Algorithmic Choices

Matrix-free implementation

The implementation is done matrix-free for the following reasons:

New architecture have little memory per core and so not having to store the memory is very interesting.
Because the latency of the memory, a very important part of our problem is memory bound. It is therefore interesting to decrease memory access even at the cost of more computation.
Because we have time-dependent nonlinear problem, we would need to rebuild the matrix at least every time step. Since the assembly needs to be redone so often, storing the matrix is not advantageous.
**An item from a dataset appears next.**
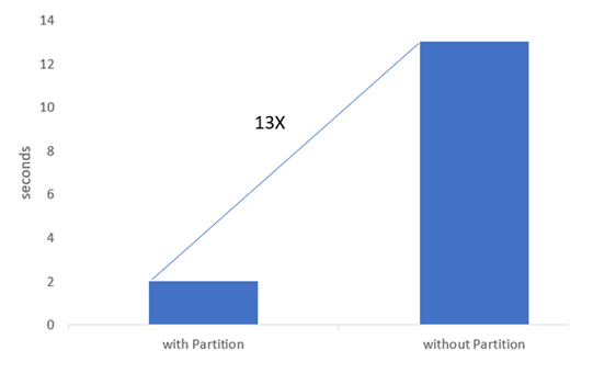 Below is a comparison of running the same query on two tables — one without partitioning and another with partitioning. The performance difference is massive. This clearly demonstrates why partitioning is one of the key techniques that make data skipping so powerful.
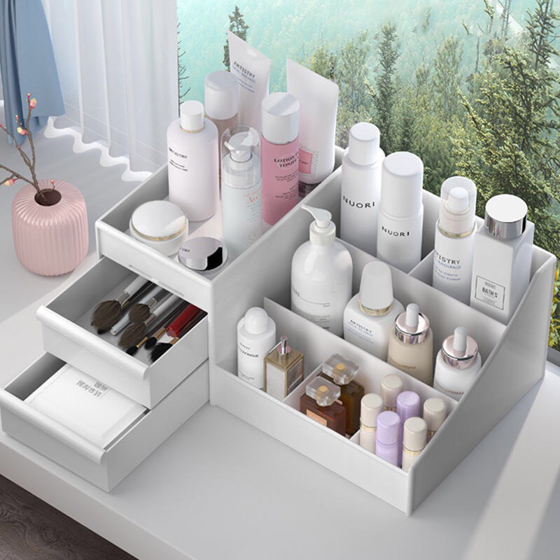 - Khay đựng mỹ phẩm được thiết kế nhỏ gọn, cấu tạo các ngăn đựng khoa học với 3 tầng và 5 ngăn nhỏ. Ngoài ra, tủ đựng đồ trang điểm này còn có thêm 2 ngăn kéo, để đựng được nhiều đồ tiện dụng.

Usually, the powder layer is about 50 microns thick but the piece that is being built is tens of centimeters long. Moreover, since the material is melted using an electron beam or a laser, the melting zone is very localized. This means that a uniform mesh would require a very large number of cells in places where nothing happens (material not heated yet or already cooled). Using AMR, we can refine the zones that are of interest for a given point in time.

Element activation

To simulate the addition on material, we use the hp-capability of deal.II. Deal.II supports a special kind of finite element called FE_Nothing. FE_Nothing is a finite element that does with zero degree of freedom. This can be used to represent empty cells in a mesh on which no degrees of freedom should be allocated. To simulate the addition of material, we replace the FE_Nothing associated with a cell with a regular finite element, i.e., we activate an element. Using this technique, the addition of material can be done cell-wise. By coupling element activation and AMR, we can add arbitrary small amount of material.

MPI support

While mechanical and thermomechanical simulations are limited to serial execution, thermal and EnKF (see Data Assimilation section) ensemble simulations can use MPI. Thermal simulations can be performed using an arbitrary number of processors. MPI support for mechanical and thermomechanical simulations are a subject of ongoing work.

Thermal simulation

The mesh is partitioned using p4est. The partitioning takes into account that there is nothing to do on inactive cells. It tries to distribute evenly the active cells between all the processors. If at the beginning of the simulation very few cells are active, each processor will own a very small number of active cells. In this case, the communication cost can be important compared to the computation cost. Once more cells are activated this ceases to be a problem. For a more in-depth discussion take a look at the data assimilation example.

EnKF

For EnKF ensemble simulations, the partitioning scheme works as follows:

If the number of processors (Nproc) is less than or equal to the number of EnKF ensemble members (N), adamantine distributes the simulations evenly across the processors. All processors except the first will handle the same number of simulations. The first processor might take on a larger workload if a perfect split is not possible.
adamantine can leverage more processors than there are simulations, but only if Nproc is a multiple of N. This ensures that all the simulations are partitioned in the same way.

Checkpoint/restart

Thermal simulations and EnKF periodically write to files the current states of the simulation and restart from these files later on. The number of processors used by the restarted simulation does not have to be the same as the number of processors used initially to checkpoint the simulation.

GPU Support

There is partial support for GPU-accelerated calculations through the use of the Kokkos library. Part of the thermal simulation can be performed on the GPU. Performing the entire computation on the GPU is the subject of ongoing work.